Supplied information:
────────────────────

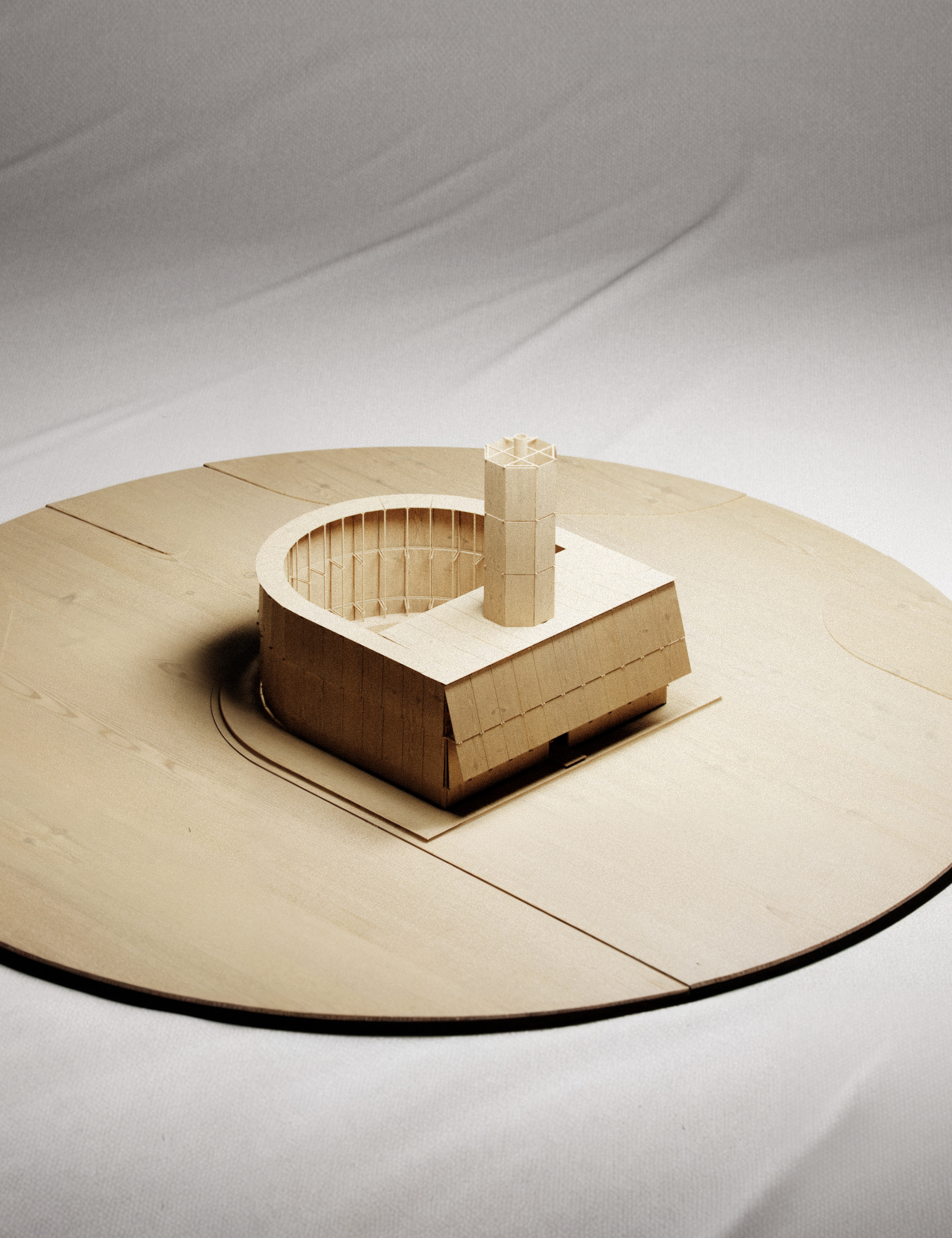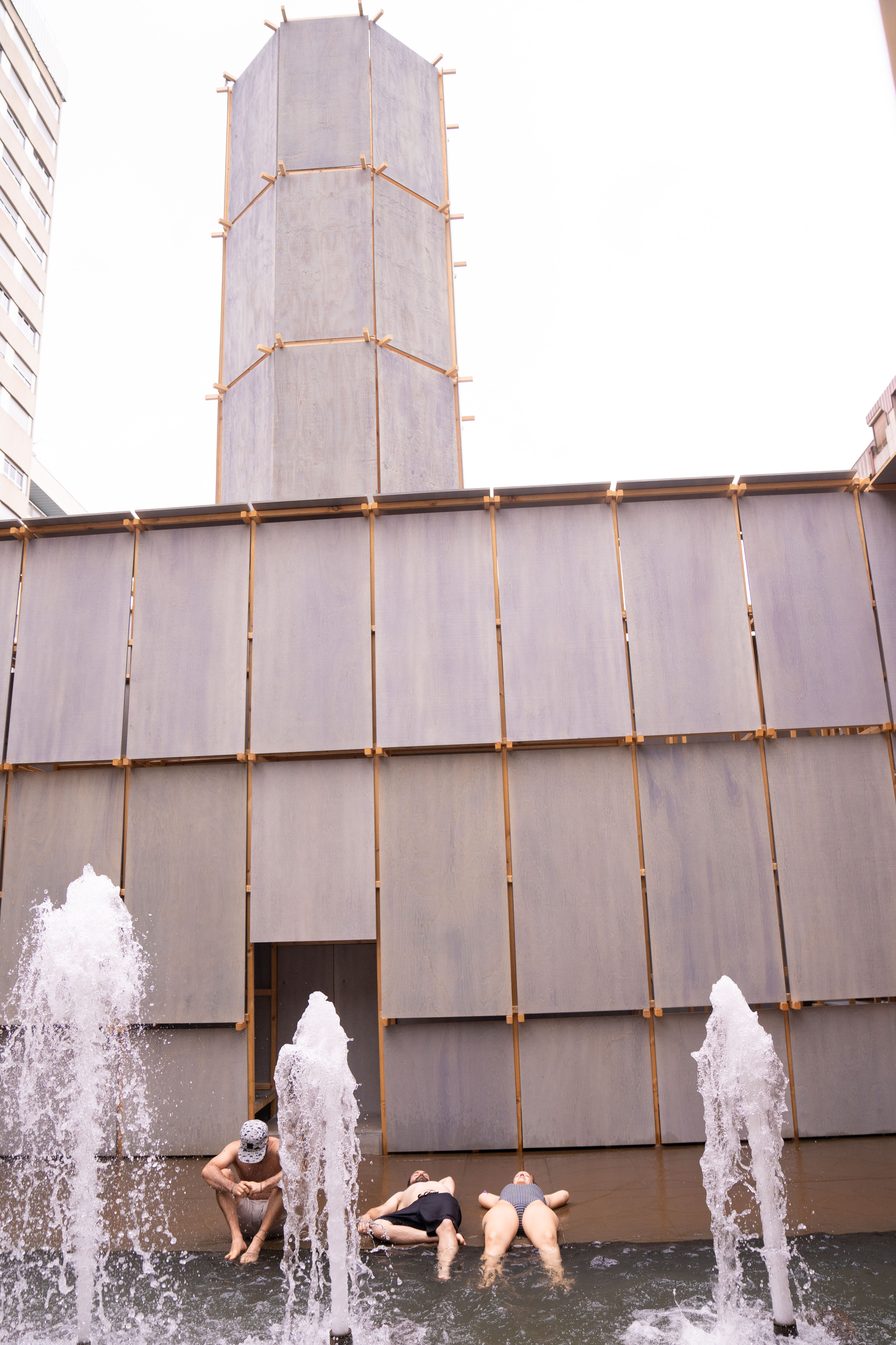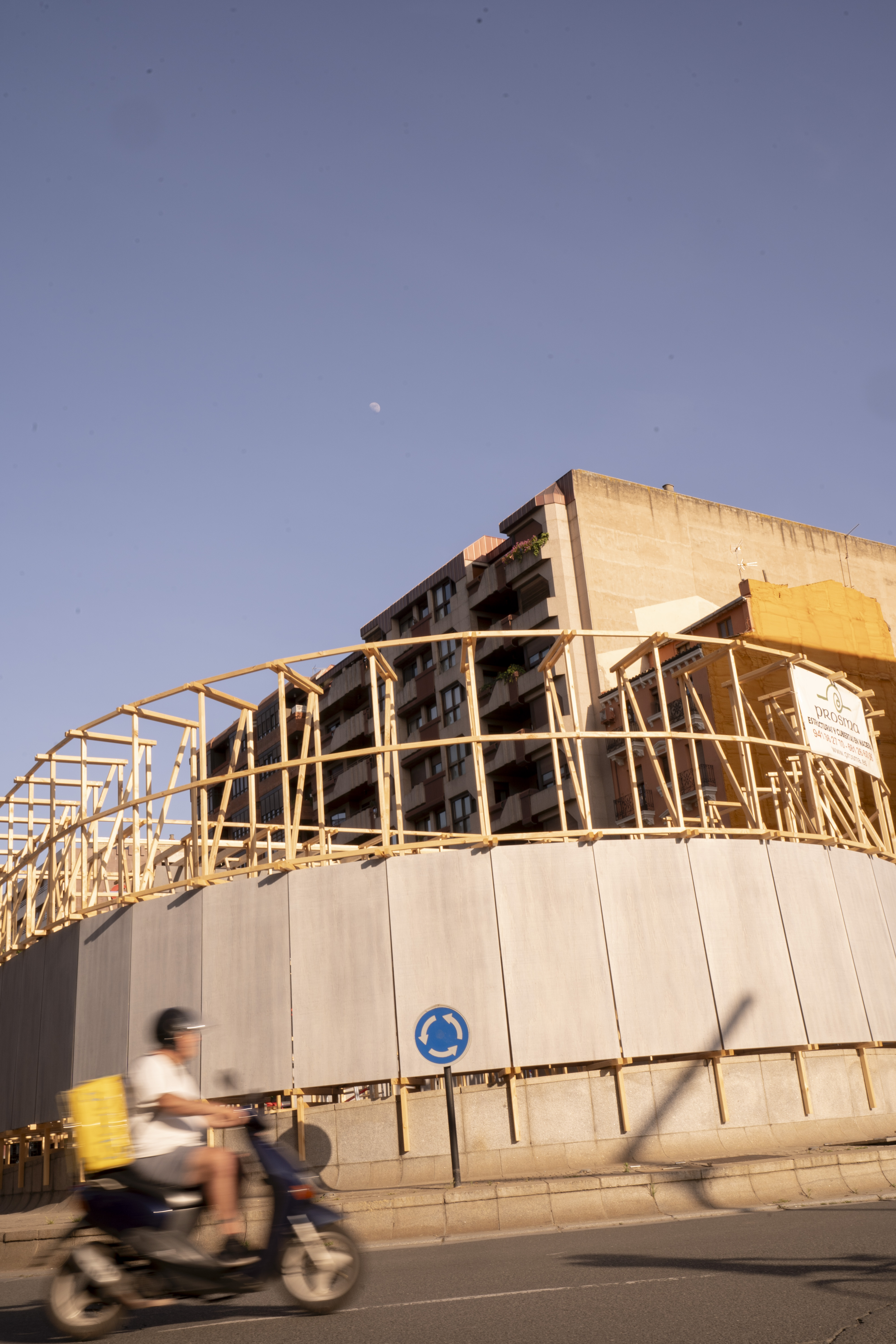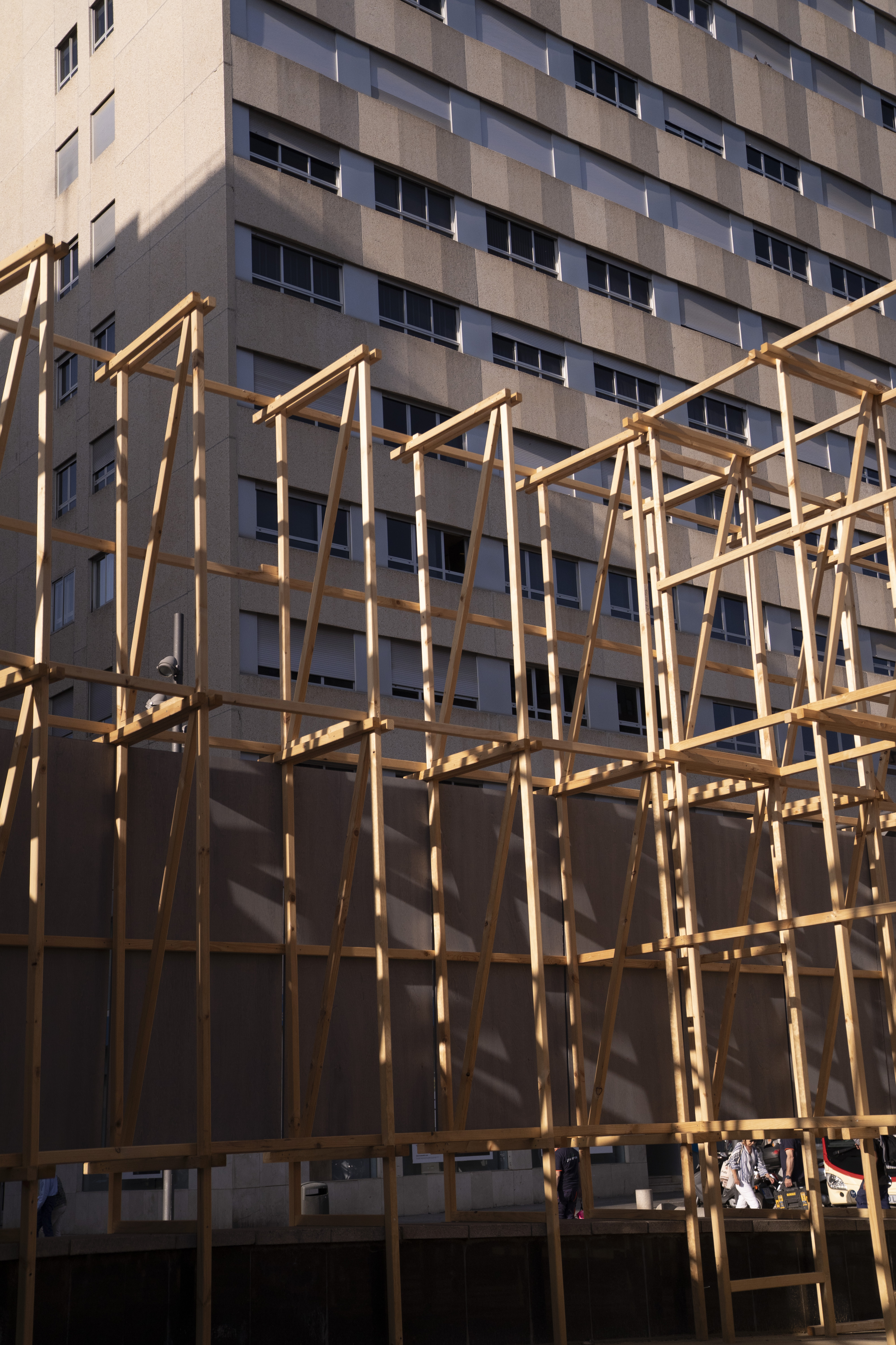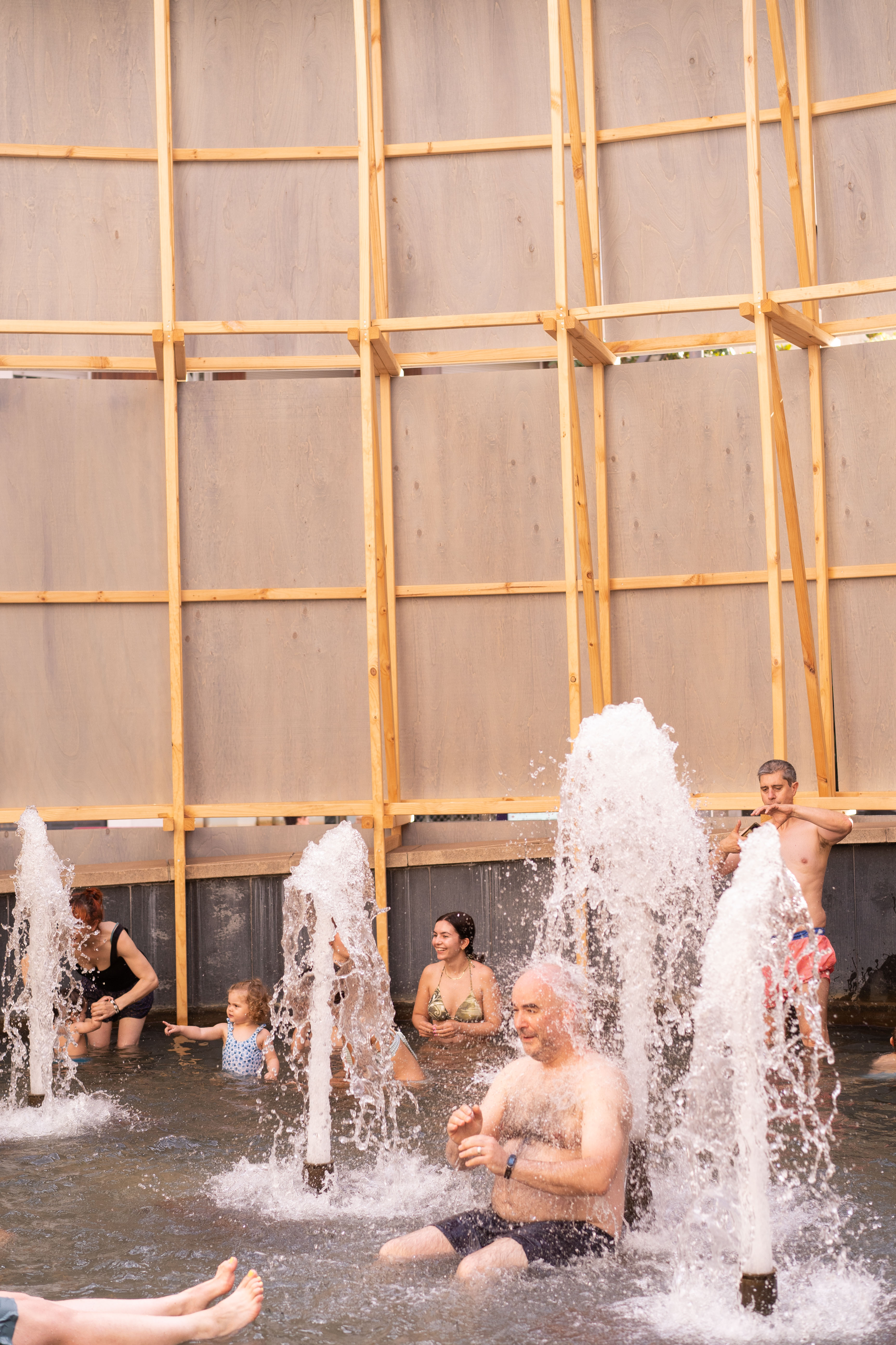 The high walls of the bathing facility are made of a regular @mber structure cladded with uncut wooden panels temporarily used for the installa@on. If the panels will find a second life a\er the festival, the fountain itself will go back to its uselessness, leaving behind only memories and new visions of what public space could be. The heart of the restless circle of motion, shaped by absence, will go back to oblivion; fountain pouring silver into the dark.
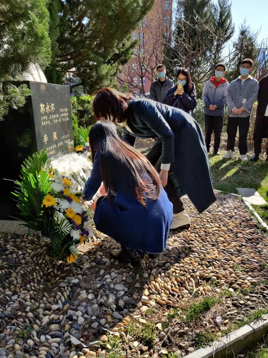 献花仪式现场师生全程佩戴口罩,秩序井然。献花仪式结束后,还有不少所内的师生前往两位先生的碑前鞠躬表示敬意,显现出Q彩网的后辈们尊敬前辈、向科学家学习的良好风气。
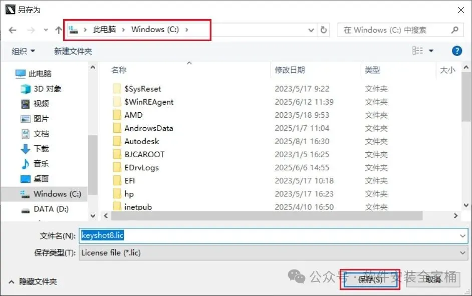18.打开C盘后,直接点击【保存】。
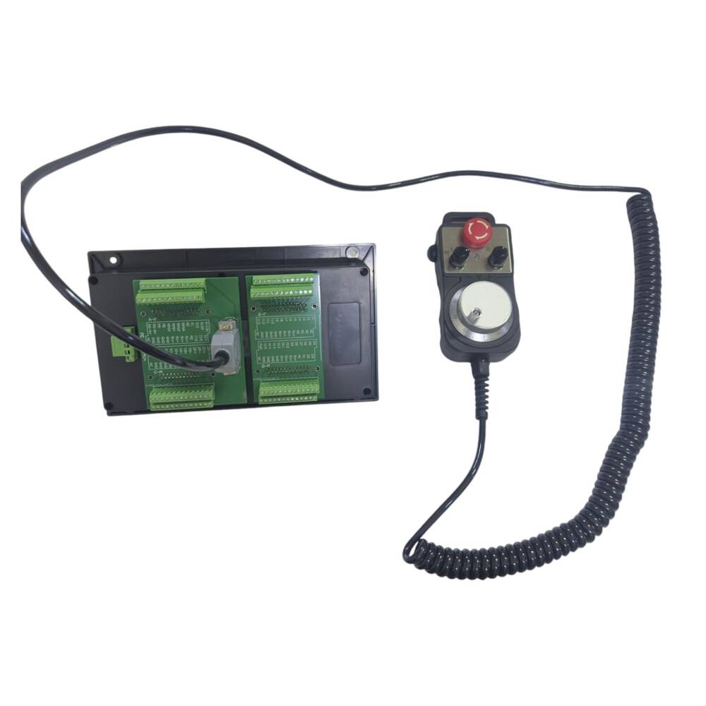 Ürüne dahil olan profesyonel el çarkı, manuel kontrol için hem hız modu hem de pozisyon modu sunar. Bu modlar arasında geçiş, ünitenin 7 inç TFT LCD ekranındaki kullanıcı arayüzü üzerinden veya el çarkının üzerindeki özel bir buton aracılığıyla yapılır. El çarkı ile eksenleri hassas bir şekilde konumlandırabilir veya belirli bir hızda hareket ettirebilirsiniz. Kullanım detayları ve ayar adımları için kullanma kılavuzuna başvurmanız önerilir.

────────────────────

Activity:
Please give all of the material again, exactly, without the images.

Written answer:
 The high walls of the bathing facility are made of a regular @mber structure cladded with uncut wooden panels temporarily used for the installa@on. If the panels will find a second life a\er the festival, the fountain itself will go back to its uselessness, leaving behind only memories and new visions of what public space could be. The heart of the restless circle of motion, shaped by absence, will go back to oblivion; fountain pouring silver into the dark.
 献花仪式现场师生全程佩戴口罩,秩序井然。献花仪式结束后,还有不少所内的师生前往两位先生的碑前鞠躬表示敬意,显现出Q彩网的后辈们尊敬前辈、向科学家学习的良好风气。
18.打开C盘后,直接点击【保存】。
 Ürüne dahil olan profesyonel el çarkı, manuel kontrol için hem hız modu hem de pozisyon modu sunar. Bu modlar arasında geçiş, ünitenin 7 inç TFT LCD ekranındaki kullanıcı arayüzü üzerinden veya el çarkının üzerindeki özel bir buton aracılığıyla yapılır. El çarkı ile eksenleri hassas bir şekilde konumlandırabilir veya belirli bir hızda hareket ettirebilirsiniz. Kullanım detayları ve ayar adımları için kullanma kılavuzuna başvurmanız önerilir.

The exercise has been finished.